Turkey tired of polls, polarization: Former President Gül
AA photoFormer President Abdullah Gül has dismissed speculation that he could run in the coming presidential elections against President Recep Tayyip Erdoğan, while giving messages of solidarity against “serious threats from abroad.”
“Turkey is tired of polarization and elections. On this matter, Turkey has to look forward. There are developments which threatened Turkey’s national interests. There are many economic demands and problems and public needs to be met,” he said.
“Everybody should focus on them and work to solve these problems,” Gül said.
Gül’s name has been at the center of political discussions in Turkey since former main opposition Republican People’s Party (CHP) leader Deniz Baykal mentioned his name as one of the possible candidates for those opposing the recent constitutional amendments that endowed Erdoğan with vastly enhanced powers.
Comments ‘not serious’
Gül said he thought Baykal’s comments were “unimportant,” adding that “Turkey has very important issues ahead.”
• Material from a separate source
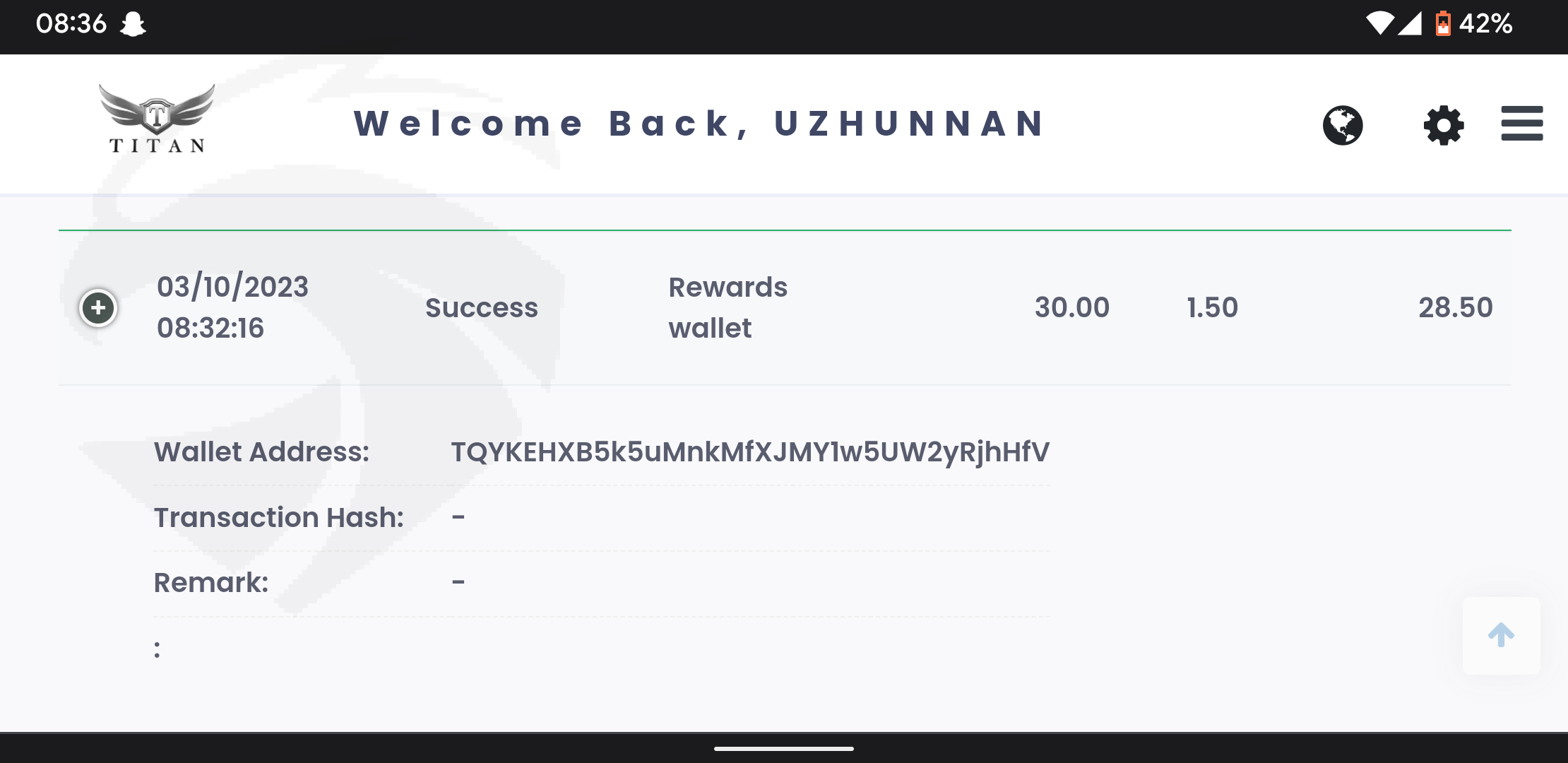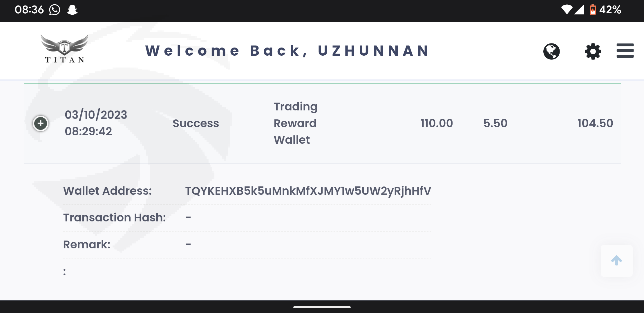 I am a member trading in Titan Capital Market. I had a total of 1840 USD in my account where it was 1700, 110, and 30 USD in trading wallet, trading reward wallet and reward wallet respectively. I requested for re entry principle where we could withdraw the profit and the capital amount goes back for trading. I only requested re entry principle and gave my binance wallet address but money including my capital was withdrawn from three different wallets to a single wallet address that I have no knowledge of. I tried contacting my higher ups for help and they confirmed that it was not from my side. I only am in possession of the transaction code and I did not share it with anyone. When I complained in the website's help and support, they keep telling me that the fund is already transferred and that it cannot be undone. How does that work when I only tried withdrawing my profit and not only did I not receive it, I lost my capital with it too. You have to understand that ALL THE FUNDS were transferred to ONE SINGLE WALLET ADDRESS. I addressed in the website's help and support that I will have to take legal actions but they aren't ready to retrieve my fund back to me.

“I did not take them seriously,” he said. “Surely, help is needed for the government and for Turkey to deal with its problems. Turkey faced very serious threats that occurred for the first time in its history – threats coming from abroad. In order to overcome these threats, there should be solidarity and calm actions,” he added.
Baykal’s statement stirred a heated debate both within his CHP and the ruling Justice and Development Party (AKP), as Gül is a prominent founding member of the AKP and also served as a prime minister and minister in many AKP governments.
After his term as president ended, Gül declared his withdrawal from active politics, but his reluctance to attend AKP events have been interpreted as indications of a rift with the ruling party.
“I know how 367 rule emerged, and what Turkey experienced in coming to this point,” Gül said, slamming Baykal while recalling the constitutional debate in 2007, when the CHP, then led by Baykal, fiercely argued against Gül’s presidency.
The CHP argued in 2007 that Gül had to gain 367 of 500 lawmakers’ vote in order to become president. The process led to a constitutional amendment in which laws on presidential elections were altered.
‘Silence saddened me’
Gül also criticized the AKP for not speaking up against the heavy comments about him.
“Some of my friends pass the boundaries of respect and go as far as to advise me about what should I do or do not do. I am very saddened by that,” he said.
His comments were interpreted as a reference to AKP Kayseri lawmaker Mustafa Elitaş, who publicly said Gül would soon have to make a statement to soothe the tension.
He also criticized AKP officials for being silent about “the social media outrage” against the “AKP’s real pioneers, founders and friends who contributed to its reputation inside and outside.”
“Actually, everybody knows how these things are organized. But I find the silence about it very saddening. I leave it to the conscience of the public,” he said.
No return to active politics
Reiterating his earlier announcement, Gül said he would not participate in active politics.
“But of course I have a responsibility to share my knowledge and experience for my country,” he said.